Could the lines from the line bearing "Fototapeta premium Narrow" to the end of the records below be copied exactly, with the pictures left out and no other lines added?

EXTRACTED MATERIAL
_ _ _

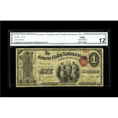 <B>Geneseo, NY</B></I> - $1 Original Fr. 380 <B>The Genesee Valley NB</B></I> Ch. # 886<BR>An evenly circulated and nicely margined ace with the blue Treasury number indicating it was part of the first group of Nationals printed. CGA graded <B>Fine 12.</B></I><BR><BR><b>Shipping:</b> Coin/Currency (<a target="_blank" href="http://www.heritageauctions.com/common/shipping.php">view shipping information</a>)
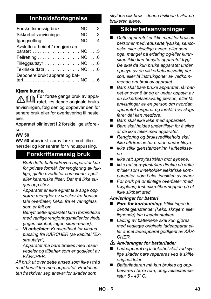 Kjære kunde, Før første gangs bruk av apparatet, les denne originale bruksanvisningen, følg den og oppbevar den for senere bruk eller for overlevering til neste eier. Apparatet blir levert i 2 forskjellige utførelser. WV 50 WV 50 plus inkl. sprayflaske med tilbehørsdel og konsentrat for vinduspussing. Forskriftsmessig bruk Bruk dette batteridrevne apparatet kun for private formål, for rengjøring av fuktige, glatte overflater som vindu, speil eller keramiske fliser. Det må ikke suges opp støv. – Apparatet er ikke egnet til å suge opp større mengder av væsker fra horisontale overflater, f.eks. fra et vannglass som er falt om. – Benytt dette apparatet kun i forbindelse med vanlige rengjøringsmidler for vindu (ingen alkohol, ingen skumrenser). – Vi anbefaler: Konsentbsat for vinduspussing fra KÄRCHER (se kapittel "Ekstrautstyr"). – Apparatet må bare brukes med reservedeler og tilbehør som er godkjent av KÄRCHER. All bruk ut over dette anses som ikke i tråd med hensikten med apparatet. Produsenten fraskriver seg ansvar for skader som
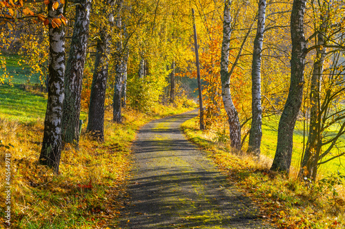 Fototapeta premium Narrow rural asphalt road in autumn time
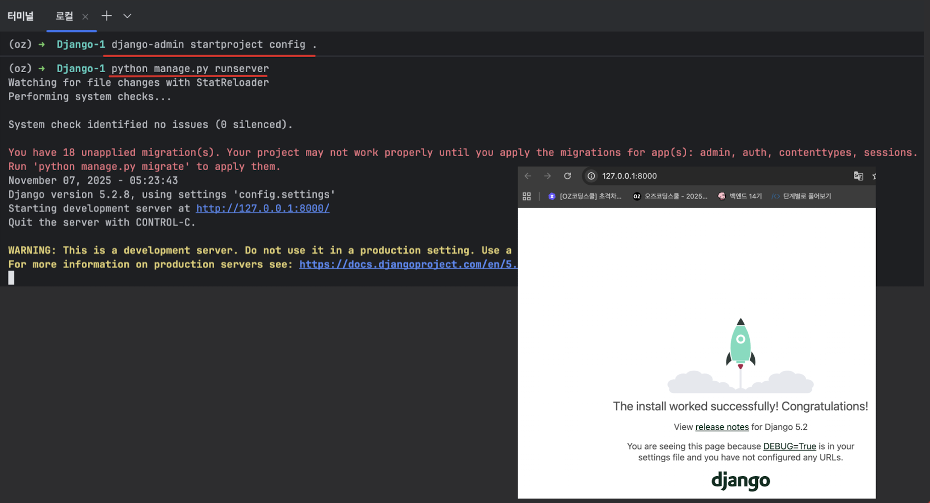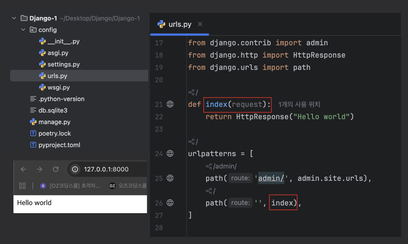 └── urls.py : url 설정들. 기본적으로 admin만 설정되어있다.
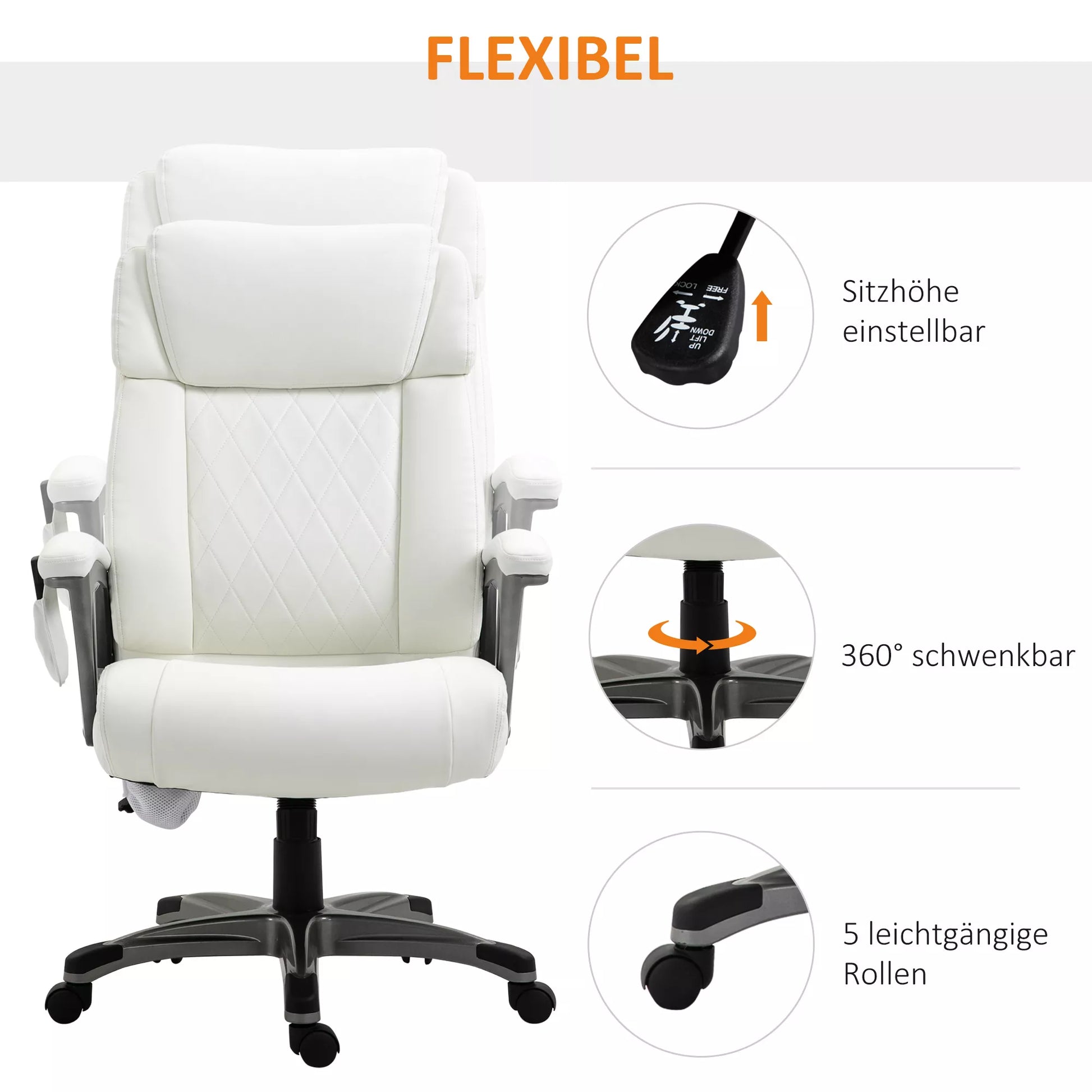 Masažinė biuro kėdė, 6 taškų masažinis pasukamas krėslas, ergonomiška, reguliuojama, dirbtinės odos, su lenkta galvos atrama ir porankiu, balta 70 x 76,5 x 114-124 cm

_ _ _

RESPONSE TO THE TASK
 Fototapeta premium Narrow rural asphalt road in autumn time
 └── urls.py : url 설정들. 기본적으로 admin만 설정되어있다.
 Masažinė biuro kėdė, 6 taškų masažinis pasukamas krėslas, ergonomiška, reguliuojama, dirbtinės odos, su lenkta galvos atrama ir porankiu, balta 70 x 76,5 x 114-124 cm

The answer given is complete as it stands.